Schließlich erblickte das Unternehmen Barbarossa das Licht der Welt. Unter diesem Code verstand man den Überfall der deutschen Wehrmacht auf die Sowjetunion, der im Jahre 1941 begann. Das Ziel war die Vernichtung des Kommunismus. Fieberhaft planten ranghöchste Offiziere den Überfall; auch Gehlen saß mit im Boot. Der europäische Teil der Sowjetunion sollte erobert, die Führungskräfte dort ermordet und die Zivilbevölkerung teilweise ausgerottet werden. Der Hungertod von Millionen von Kriegsgefangenen und die Morde an Juden wurden systematisch geplant. Der europäische Teil Russlands sollte »germanisiert« werden. Die Wehrmachtsführung, und also auch Gehlen, waren eingebunden in den Massenmord-Plan.

Gehlen wurde im Mai 1941 zum Leiter der »Abteilung Fremde Heere Ost« ernannt, was so viel bedeutete, dass er nun der Chef der gesamten Ost-Spionage war. Gehlen avancierte urplötzlich zu einer Schlüsselfigur auf dem Schachbrett Hitlers.

Er entfaltete eine unvorstellbare Aktivität, denn er wollte seinem Führer beweisen, was in ihm steckte. Gehlen nahm sich als Erstes die russischen Kriegsgefangenen zur Brust, die nach den ersten Siegen der Deutschen in seine Hände fielen. Die armen russischen Teufel wurden ausgequetscht wie Zitronen. Einige vermochte man umzupolen und in Spione für Deutschland zu verwandeln. Gleichzeitig stampfte Gehlen ein Passbüro aus dem Boden. Falsche Ausweise wurden massenhaft hergestellt. Ganze Heerscharen von Spionen schickte Gehlen nun in feindliches Gebiet. Die UdSSR wurde infiltriert wie nie zuvor. Alles, alles wurde ausgespäht, nicht nur militärische Geheimnisse, sondern auch die gesamte kommunistisch-sowjetische Industrie. Es galt, alle Absichten der Russen in Erfahrung zu bringen. Als sowjetische Offiziere getarnte Deutsche infiltrierten die Rote Armee. Spitzel nisteten sich überall ein ... in den Fabriken, in der Verwaltung, ja sogar in der kommunistischen Partei. Sie suchten zudem Kontakt zu antikommunistischen Partisanen und Gegnern Stalins.

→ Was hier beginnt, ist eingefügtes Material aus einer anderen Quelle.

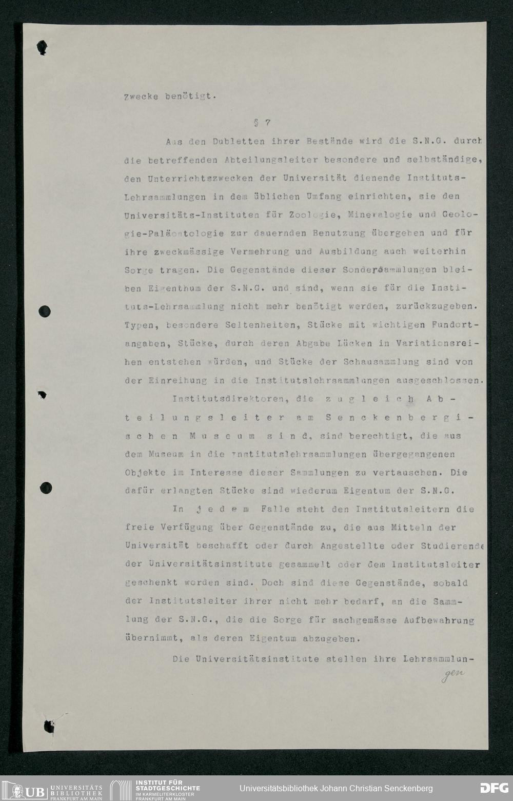 V176 Senckenberg Gesellschaft für Naturforschung, 255 - Benutzungsordnung für die Nutzung der Einrichtungen der Senckenbergischen Naturforschenden Gesellschaft durch die Universität
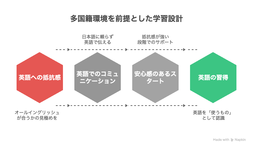 英語で学ぶ土台を日本にいながら整えられるため、渡航後の学習や生活への移行もスムーズになりやすくなります。
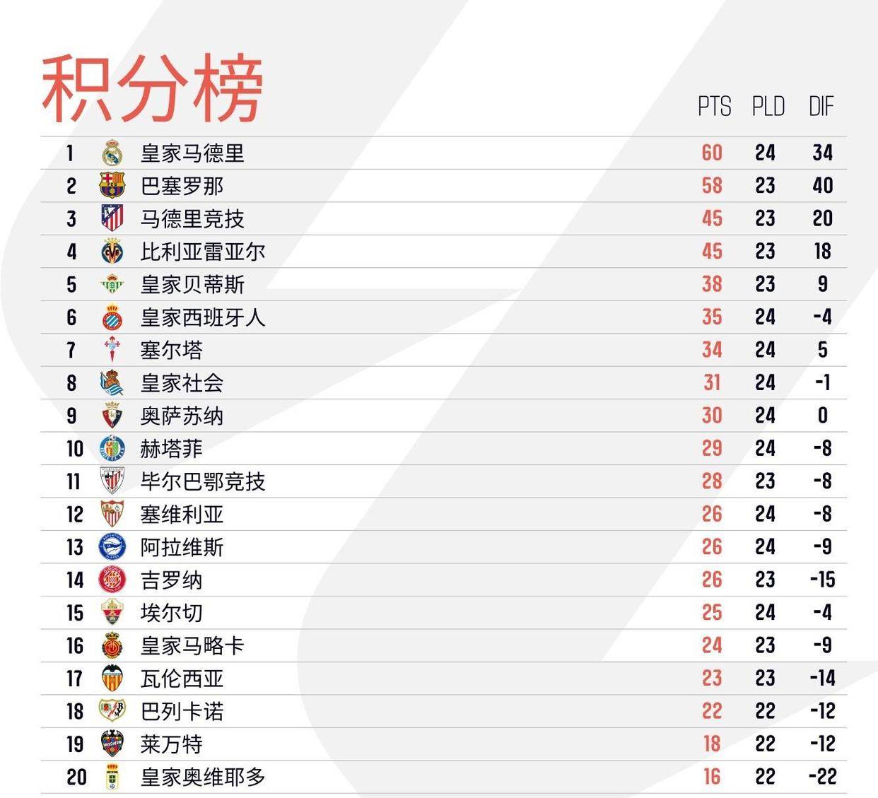 当皇马比赛结束的哨音吹响时,西甲积分榜的榜首位置发生了决定性的变化。 皇家马德里的积分从57分跃升至60分,战绩为24场19胜3平2负。 而巴塞罗那在少赛一轮的情况下,积分是58分。
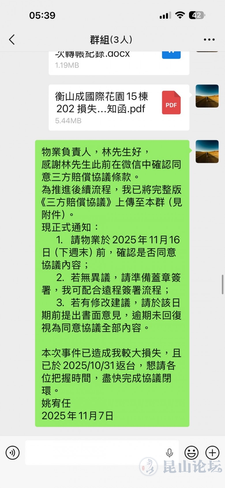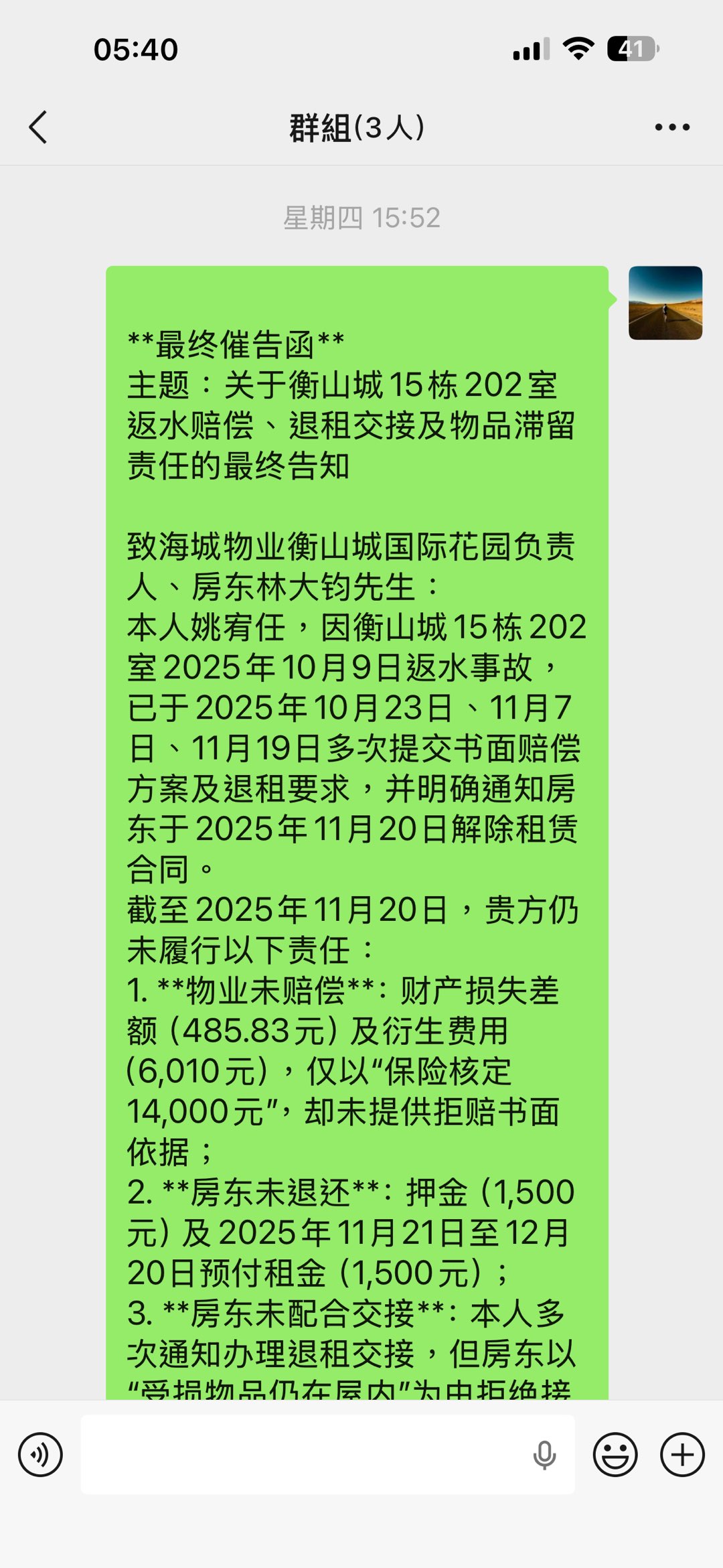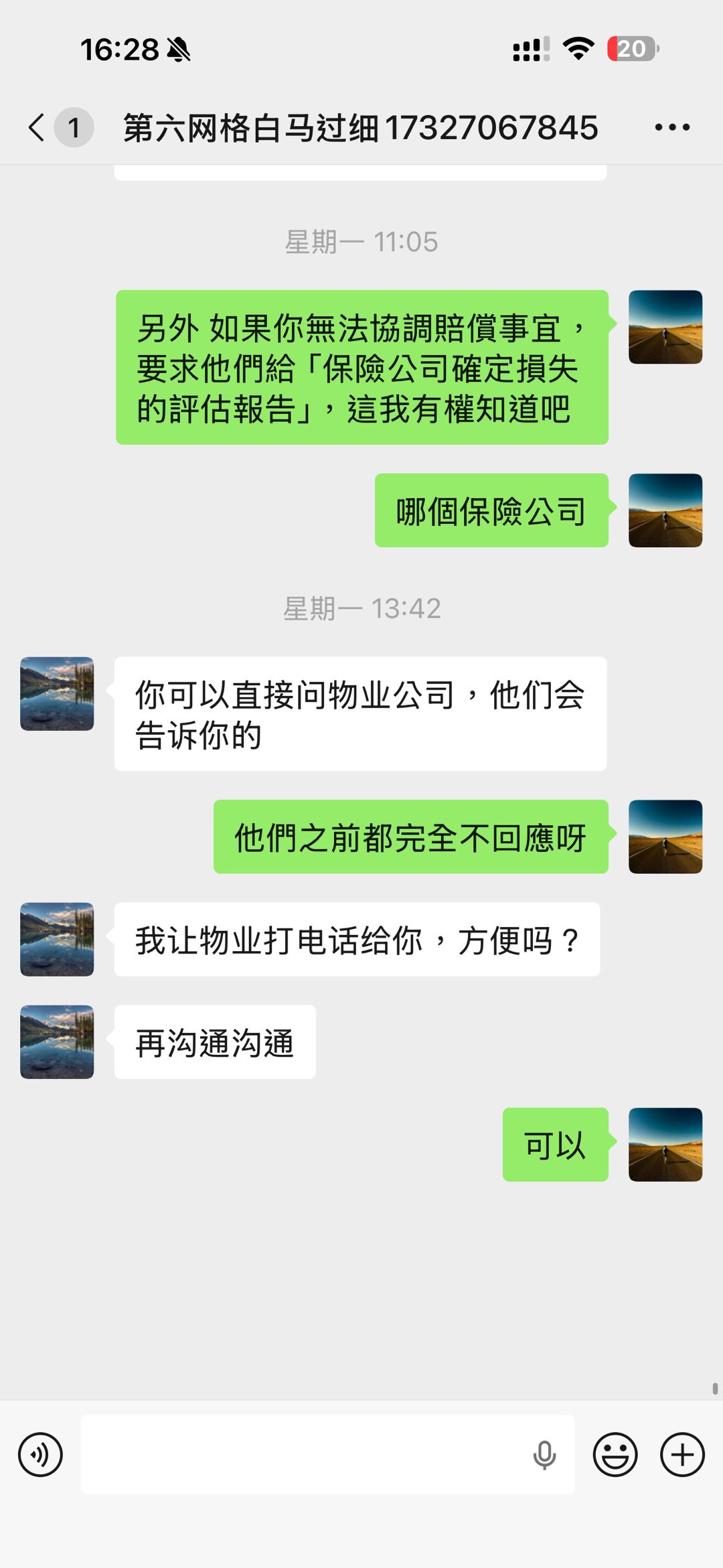 我10月23号正式把损失清单和赔偿函递给他们,结果物业就是“打太极”,避重就轻,啥实质回复都没有。11月14号他们突然通知说“保险只赔1.4万”,剩下的差额不解释、也不沟通,之后干脆不理我了。

Gehlen überschlug sich. Er spionierte zu guter Letzt jeden Industriezweig aus, der von Bedeutung war, einschließlich der genauen Produktionsziffern in verschiedenen Industrien. Wenn Rüstungswerke verlegt wurden, so erfuhr Gehlen als Erster davon. Er kannte sich aus im Eisenbahntransport. Er erstellte Straßenkarten und Stadtpläne. Er legte Akten an über den sowjetischen Geheimdienst. Gehlen kannte sogar die Decknamen der gegnerischen Agenten. Er erstellte Analysen, Memoranden und brachte den Tagesablauf Stalins in Erfahrung. Er rückte also den Russen so dicht auf den Pelz, wie es nie zuvor und nie danach einem Geheimdienst gelang.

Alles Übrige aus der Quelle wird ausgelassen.